* WHAT YOU WILL DO
Although the data below contains pictures, output only the lines between those holding "- Red fabric" and "The other was", inclusive, exactly and without those pictures.

------ PROVIDED INFORMATION ------

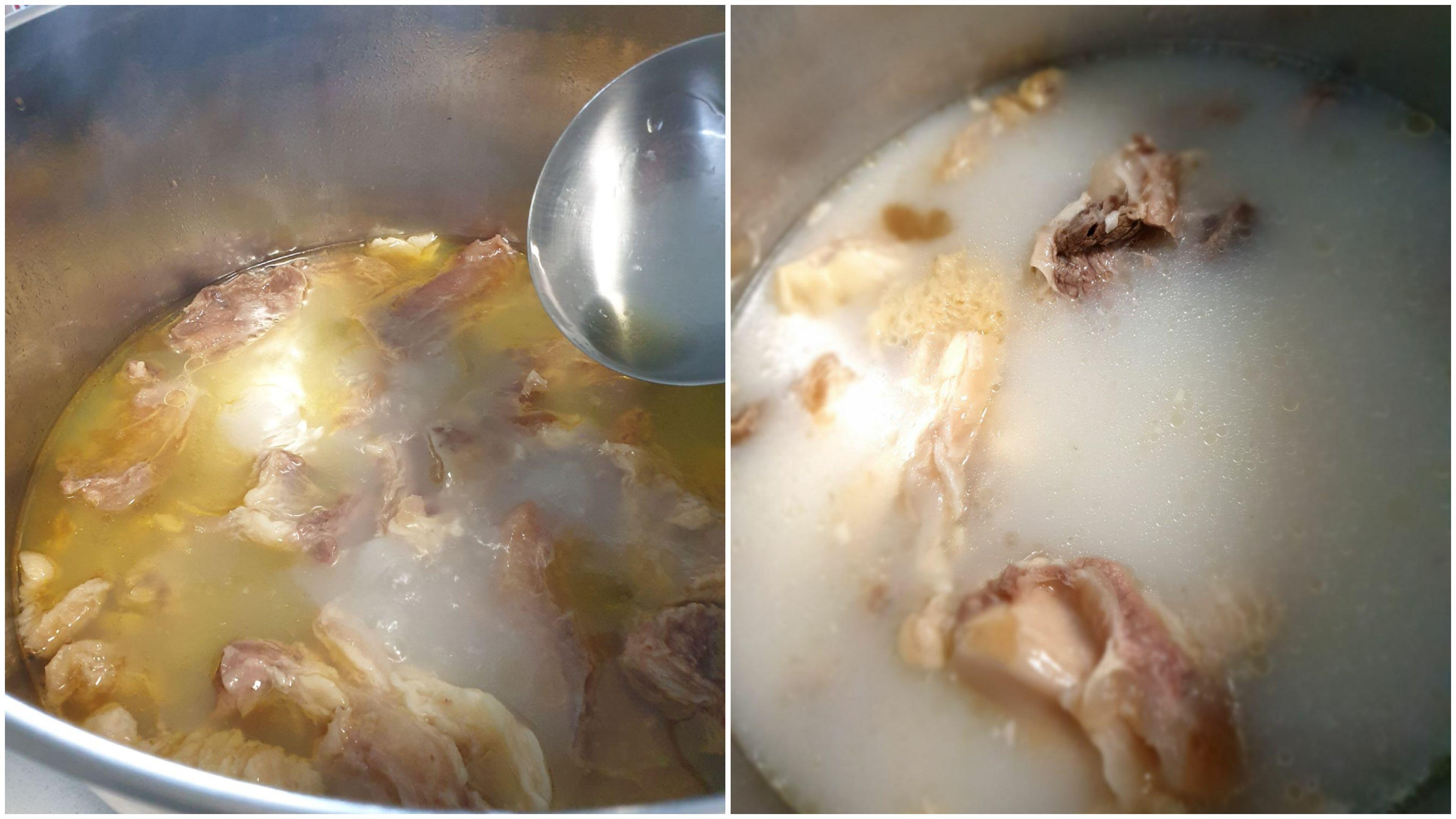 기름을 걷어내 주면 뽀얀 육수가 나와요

------
------ PROVIDED INFORMATION ------

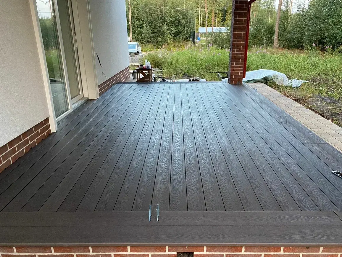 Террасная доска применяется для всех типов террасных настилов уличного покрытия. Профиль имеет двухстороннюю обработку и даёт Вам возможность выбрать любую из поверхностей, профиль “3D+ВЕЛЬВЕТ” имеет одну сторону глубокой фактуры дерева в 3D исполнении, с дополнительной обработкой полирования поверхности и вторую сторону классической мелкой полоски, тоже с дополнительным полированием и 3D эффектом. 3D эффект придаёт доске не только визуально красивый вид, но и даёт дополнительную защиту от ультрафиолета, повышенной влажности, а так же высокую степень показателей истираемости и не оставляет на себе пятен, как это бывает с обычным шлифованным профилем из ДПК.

------
------ PROVIDED INFORMATION ------

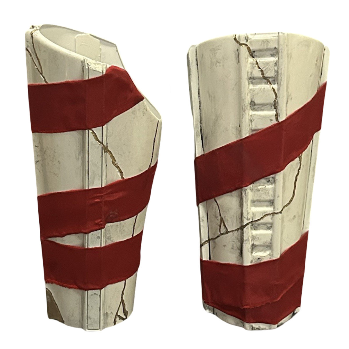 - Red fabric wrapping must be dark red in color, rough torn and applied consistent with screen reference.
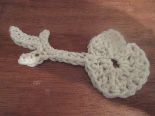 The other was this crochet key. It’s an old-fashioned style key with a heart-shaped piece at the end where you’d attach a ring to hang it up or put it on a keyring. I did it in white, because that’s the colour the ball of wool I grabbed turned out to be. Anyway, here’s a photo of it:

------

* ANSWER BOX
 - Red fabric wrapping must be dark red in color, rough torn and applied consistent with screen reference.
 The other was this crochet key. It’s an old-fashioned style key with a heart-shaped piece at the end where you’d attach a ring to hang it up or put it on a keyring. I did it in white, because that’s the colour the ball of wool I grabbed turned out to be. Anyway, here’s a photo of it:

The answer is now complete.